Every once in a while it’s fun to look not only at the present, but back at what made us Leaf fans in the first place.  I’ve certainly posted on this subject before on occasion, but today I wanted to not only discuss some of my “faves” through the years (including the present) but yours as well.

So, paying small homage to the many individuals who could make up this “list” but can’t be included for reasons of my own roster limitations (hey, Ron Wilson isn’t the only guy struggling with that, now that he has more than a full bench to manage…), here are some of the guys who really were my personal “favorite Leafs” as I draw on my memory bank to bring forward some great old names—and some current ones, too.

(Quick aside:  everyone has favorite players—athletes who you are drawn to because you just like the way they play, their attitude, their work ethic, their skill or the way they conduct themselves off the field of play.  Maybe you just flat out like them.  Whatever the case might be, send your names along.)

As my own memories of Leaf lore began in the late 1950s, let’s start there.  I will select two Leaf players from each decade. (If you're interested, I've linked to earlier stories on some of the individuals below. Click on their names to see more...)

1950s (late)

Eddie Chadwick- the first guy that really meant “Maple Leafs” to me as a youngster in the ‘50s. (I love the wonderful old "posed" picture of Chadwick at right.)  I had the opportunity to interview Ed in later years when he was a scout (can’t remember if it was with the Oilers or Islanders).  Just a nice, humble man.  And, he was the last Maple Leaf goaltender to play 70 games in a single season, if I’m not mistaken. He had a fine career.


Frank Mahovlich- I apparently couldn’t say his name properly when he first came up in 1958 or so (I was maybe 4 years old...)  He was an “enigma” to fans at times who saw him sometimes as lazy.  He clashed with Punch Imlach (many did) but what power—and what a player he was.  He “proved” just how good he really was when he fit in beautifully with the more free-wheeling Habs  and won two more Cups there in the early 1970s.

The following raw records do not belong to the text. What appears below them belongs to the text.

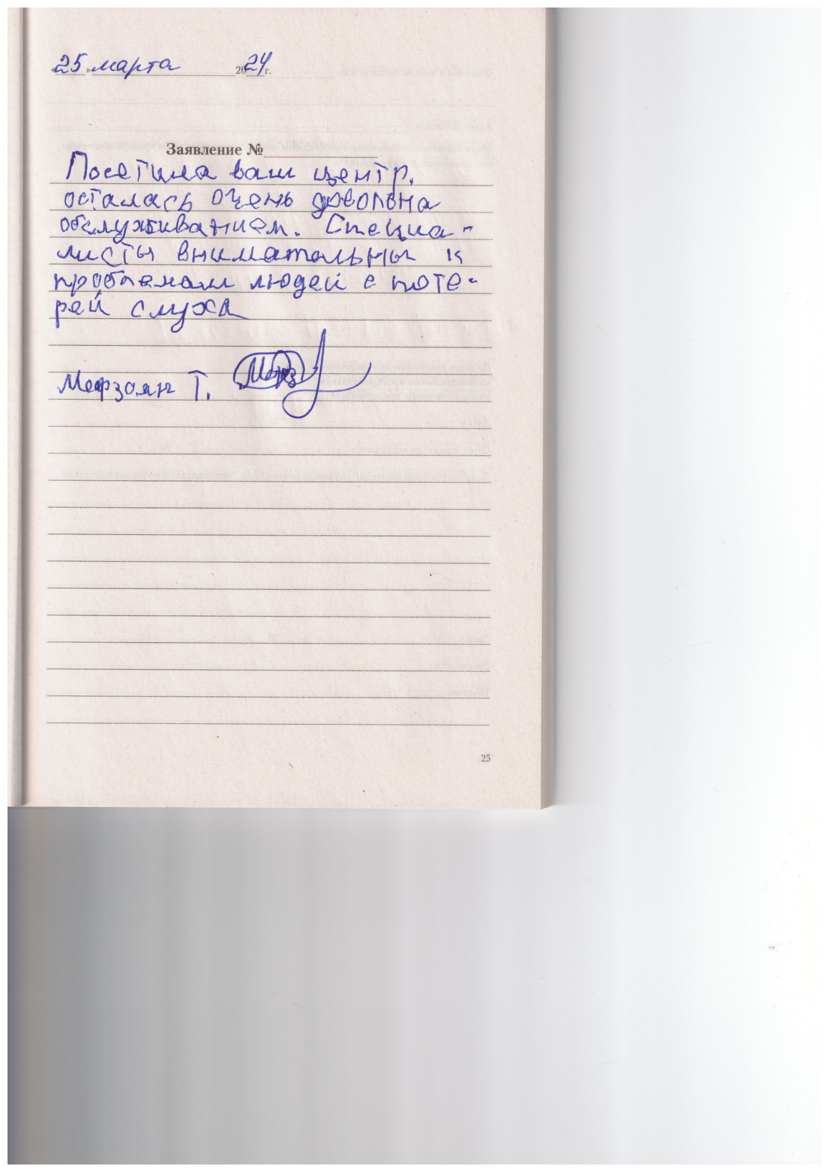 Посетила ваш центр. Осталась очень довольна обслуживанием. Специалисты внимательны к проблемам людей с потерей слуха. Мирзоян Т.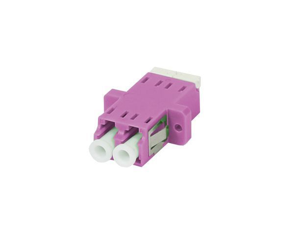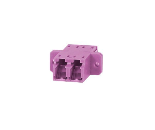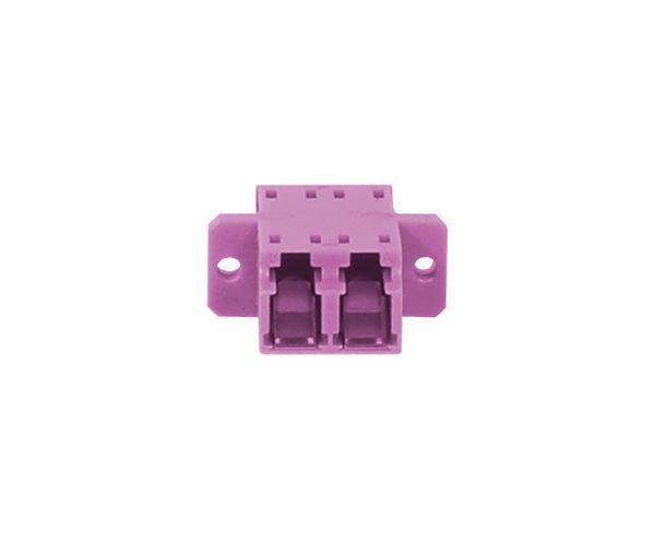 The article Fiber optic coupling, LC socket/LC socket, 50/125u multimode OM4, heather violet, duplex, PVC, with flange, with one-sided laser protection flap, Synergy 21 is currently in stock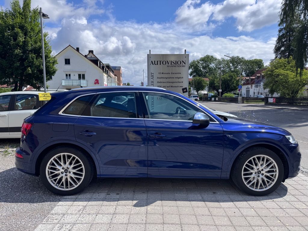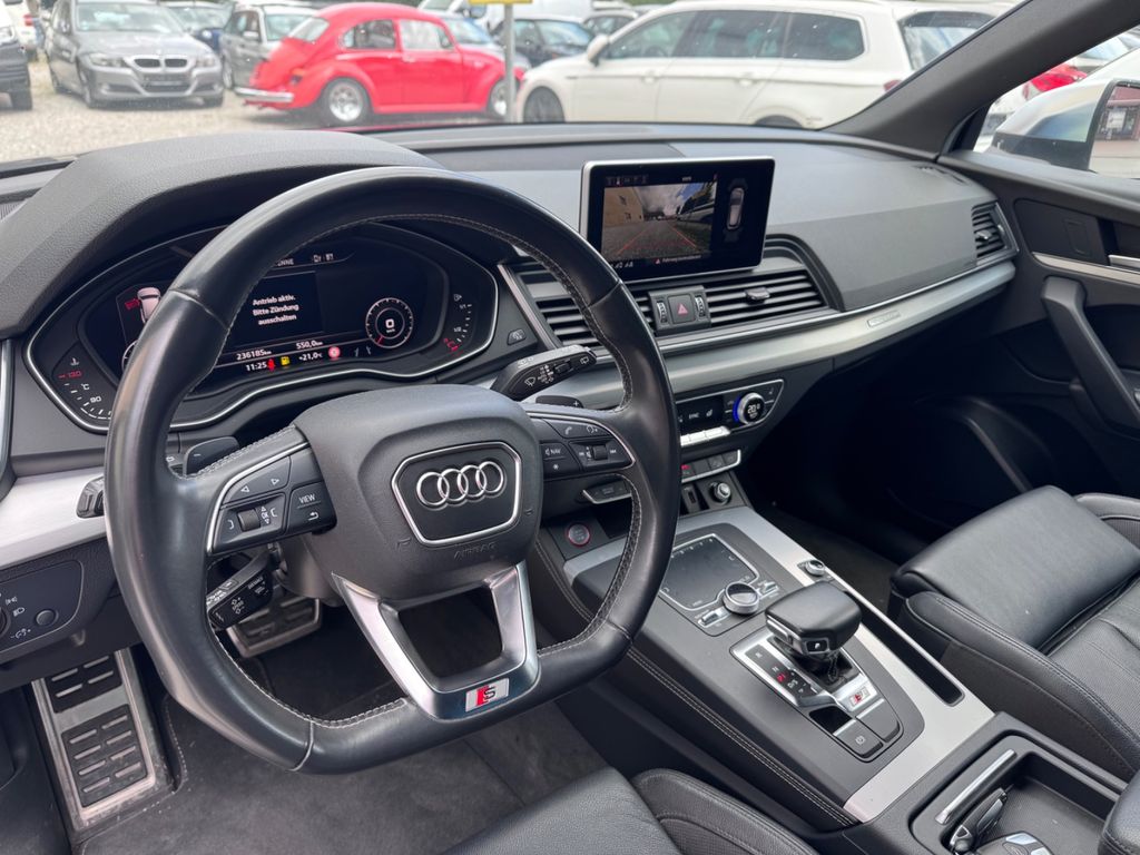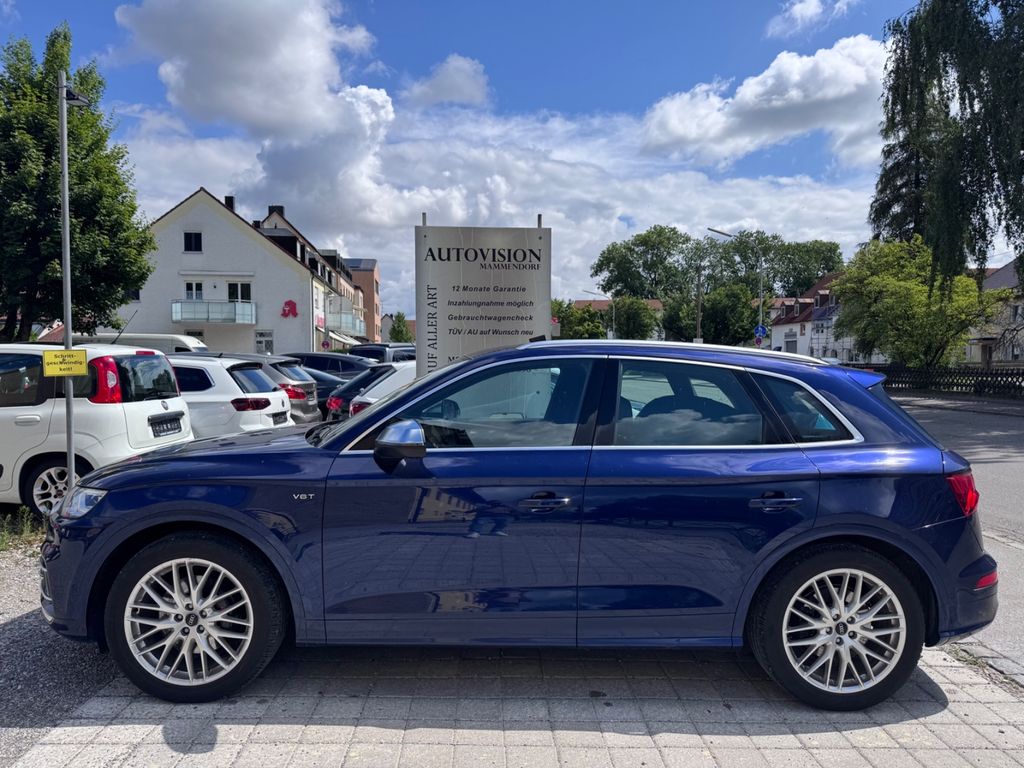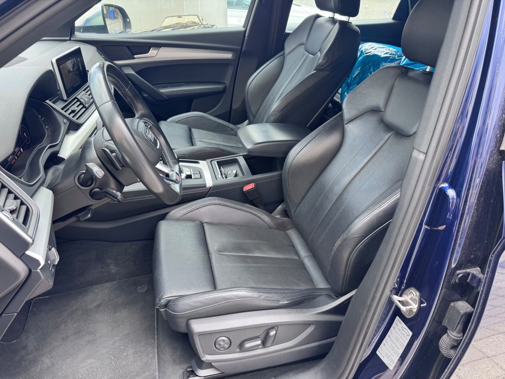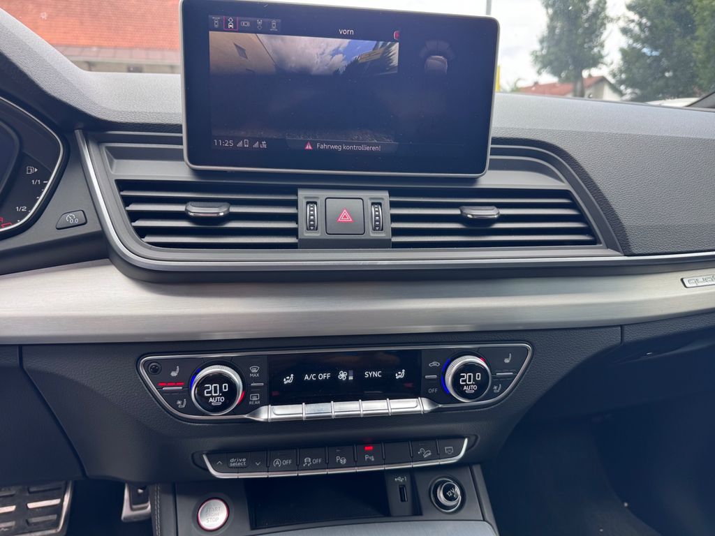 -Verkauf an Export oder Gewerbe bevorzugtDieser gepflegte Audi SQ5 aus dem Jahr 2018 präsentiert sich in elegantem Blau mit schwarzer Lederausstattung. Mit nur einem Vorbesitzer und lückenloser Servicehistorie bietet dieses SUV ein überzeugendes Gesamtpaket. Der kraftvolle 6-Zylinder Benzinmotor mit 354 PS sorgt für dynamische Fahrleistungen, während der Allradantrieb optimale Traktion gewährleistet. Die Automatik-Schaltung mit Schaltwippen am Lenkrad ermöglicht sportliches oder komfortables Fahren nach Wunsch. Das Fahrzeug verfügt über ein umfangreiches Sportpaket und zahlreiche Assistenzsysteme wie adaptiven Tempomat, Spurhalteassistent und Kollisionsvermeidung. Die 3-Zonen-Klimaautomatik, beheizte und belüftete Sitze sowie das digitale Cockpit mit Navigationssystem und Touchscreen sorgen für höchsten Komfort. Praktische Features wie die elektrische Heckklappe und Dachreling erhöhen die Alltagstauglichkeit dieses Premium-SUVs.

Honorable mention:  Marc Reaume.  This is partly sentimental.  Marc was a young defensemen, a very promising one, with the Maple Leafs in the 1950s.  Amazingly to me, he lived in the small town just next to mind, where he was born and raised, in Essex County, Ontario.  He was the first NHL player I ever met, and he was as nice as the day is long.  From what I’ve heard, he always has been that way and never changed.


1960s

Dave Keon- yes, a “favorite” for me and thousands of other Canadian kids at the time.  I would check off my self-made stat sheet around his old Bee Hive picture whenever he scored a goal in the 1960s.  Great times.  He was my guy, for sure.  Small, fast.  He missed so many breakaways but was also unbelievably determined as a fore checker and penalty-killer.  He left in the mid-‘70s under unfortunate circumstances but to this day, I don’t look at Keon as a bitter old ex-Leaf, not at all. I remember him as the wonderful and loyal player that he was.

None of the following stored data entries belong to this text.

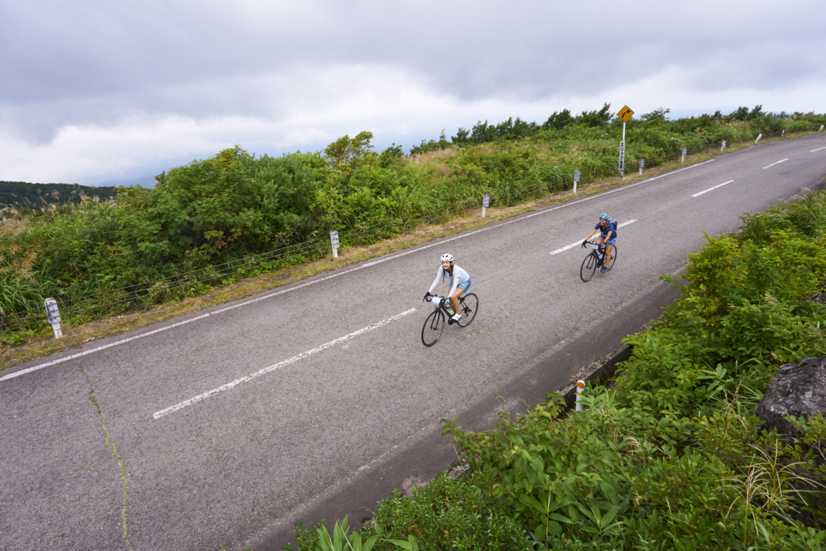 パートナーのアリサはふだんからロードバイクのレースにも出るほどのロードバイク好きで坂道でも余裕の安定走行。私はというとアドベンチャーレースでマウンテンバイクに乗るぐらいなのでロードバイクにも坂道にも不慣れ。アリサに付いていくだけでも必死だ。ギリギリ笑顔を保っているが、すでにけっこうバテている(笑)。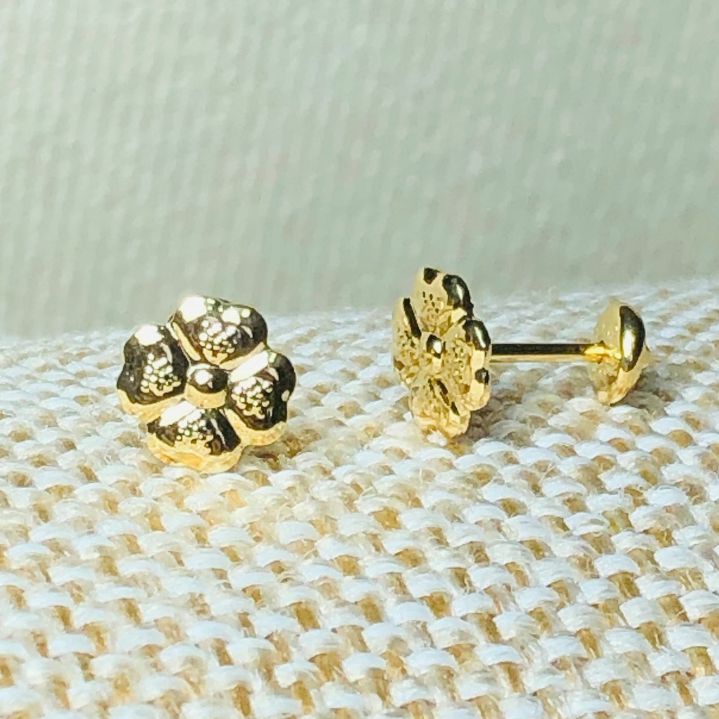 cod 321 Brinco pequeno flor, folheados a ouro 18k. Com um ano de garantia.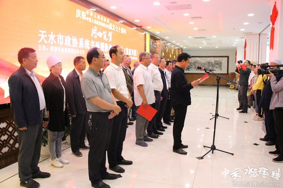 市政協(xié)副主席王振宇,市政協(xié)書畫研究院、市政協(xié)辦、市書協(xié)、美協(xié)、攝影家協(xié)會負責同志及天水市部分書畫藝術家,張家川縣四大組織在家領導及相關單位負責人、參展書畫攝影作品作者和廣大書畫攝影藝術愛好者參加開展儀式。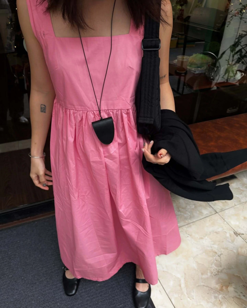Este vestido de horma cuadrada en un delicado color rosado es perfecto para cualquier ocasión. Con tira ancha y confeccionado en popelina, un material delgado pero no transparente, ofrece comodidad y estilo sin importar el clima. Su tela rígida facilita el planchado y lavado, manteniendo siempre su forma.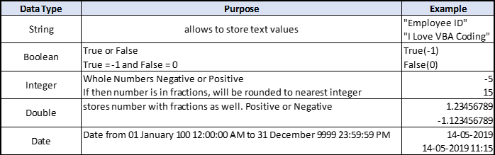 There are roughly more than 15 data types present under VBA. However, this article will discuss the most commonly used data types (almost surely used more than 90% of the time).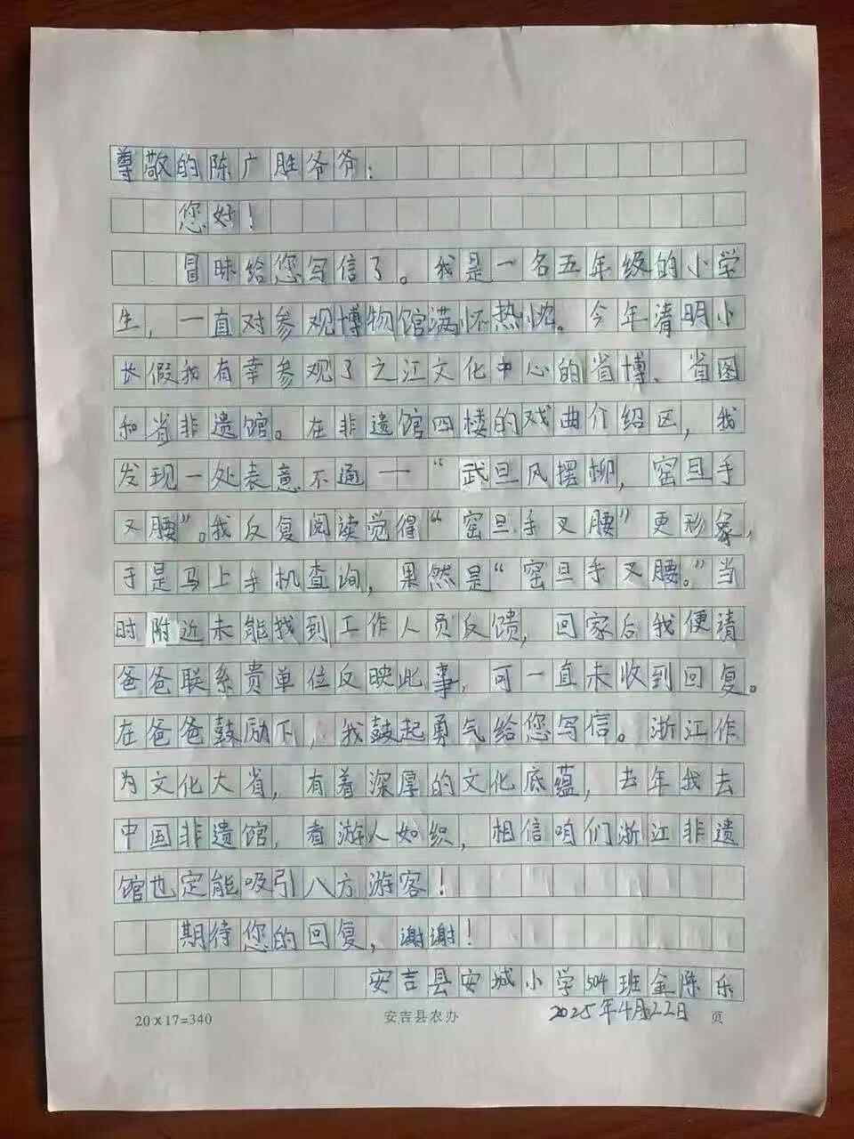 4月26日,陈广胜手写了回信,感谢金陈乐指出错误,告诉他已经更正,“在这一刻,你事实上成了我们的‘小老师’……欢迎你和爸爸再来省非遗馆作客。”

Dickie Duff- this fine winger (left) was traded too soon.  How I wish he had stayed a Leaf his entire career.  Small—but so speedy and tough.  He scored big goals throughout his career as a Maple Leaf and Hab. The guy won six Cups and he was no bit player.  He well deserved his late induction into the Hall-of-Fame.

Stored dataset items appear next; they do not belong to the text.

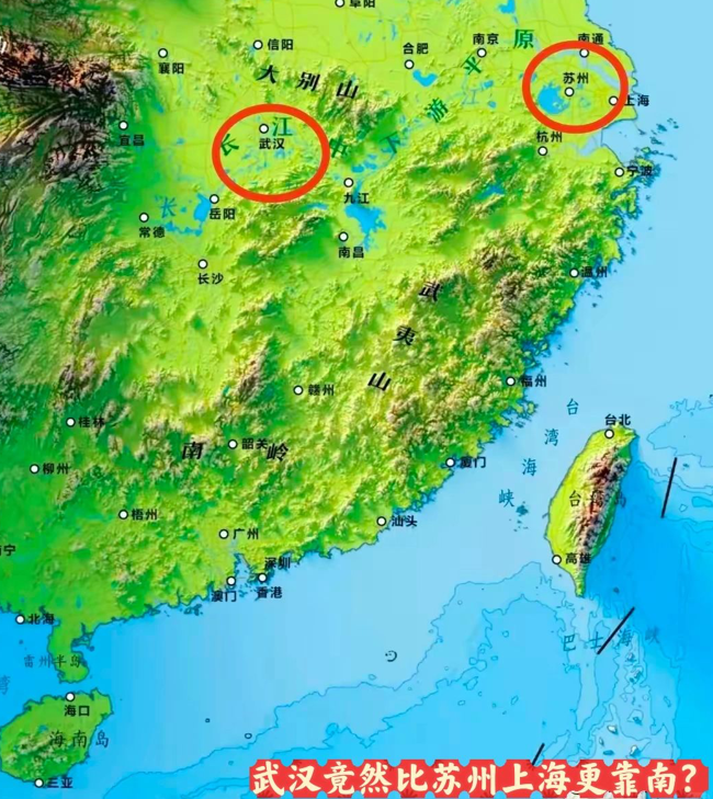 之前一直以为,武汉挺靠北的了。仔细看地图你就会发现,其实,武汉比苏州和上海还要更靠南方一点,纬度更低。更别说合肥和南京了。这两个城市其实在武汉的东北边,而不是单纯的东边。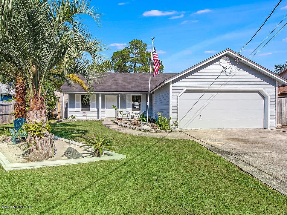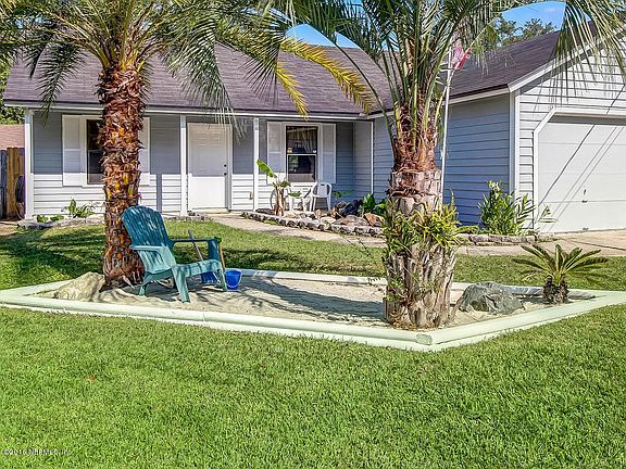Perfect home for the gardener or someone who wants fresh eggs daily. Chickens are included if buyer desires. Permit is easy to acquire from city. Seller has all information. Quiet neighborhood with no HOA/CDD restrictions and fees. This home features a large, deep lot with many fruit trees, in-ground pool, spacious shed, tiki hut, green space, and a Koi pond to greet your guests. Fresh paint inside and out, new carpet, and vinyl floors. Convenient location-near NAS JAX and NS MAYPORT. Don't wait, this one will go fast! One year home warranty included.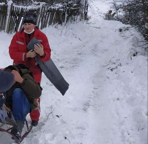 Под Харьковом медикам пришлось на санках везти пациента к «скорой»

Honorable mention:  Johnny Bower.  Anyone who knows about Bower knows the kind of competitor and champion he was, and what integrity he had off the ice.  He may be one of the world’s nicest people.  That has never changed, by all accounts.


1970s

Lanny McDonald - drafted high in 1973, then some thought he was a “mistake”.   But his confidence blossomed in his third season and he never looked back after that in a Hall-of Fame career.  I also wish never he had never been traded.  He won me over when, in that third season (1975-’76, I believe) he knocked Bobby Orr and Denis Potvin head over heels on consecutive Saturday nights at the old Gardens with a classic old-style, open ice hip-check.  A hero to this day in Calgary, for good reason.

Brian Spencer- (seen at left opposite popular St. Louis Blue Bob Plager in a wonderful old Dan Baliotti photo) for me, the guy was unforgettable.  Worked so hard, but the Leafs gave him away because of a knee injury.  Went on to perform admirably for a very good Buffalo Sabres team in the 1970s, including almost winning a Cup in the spring of ’75.

Honorable mention:  Brian Glennie.  He was just a loyal, dedicated, hard-working defenseman who gave his all and played hurt a lot.

1980s

Rocky Saganiuk – I loved the way he played, but he ran around too much for Leaf coaches of that early ‘80s era.  I often wonder what he might have been with more support and patience.

Allan Bester – In the Bester-Wreggett “debate”, I was a Bester guy.  I have always felt that, with better coaching and someone around to boost his sometimes flagging confidence, he would have been an outstanding Leaf netminder for many years.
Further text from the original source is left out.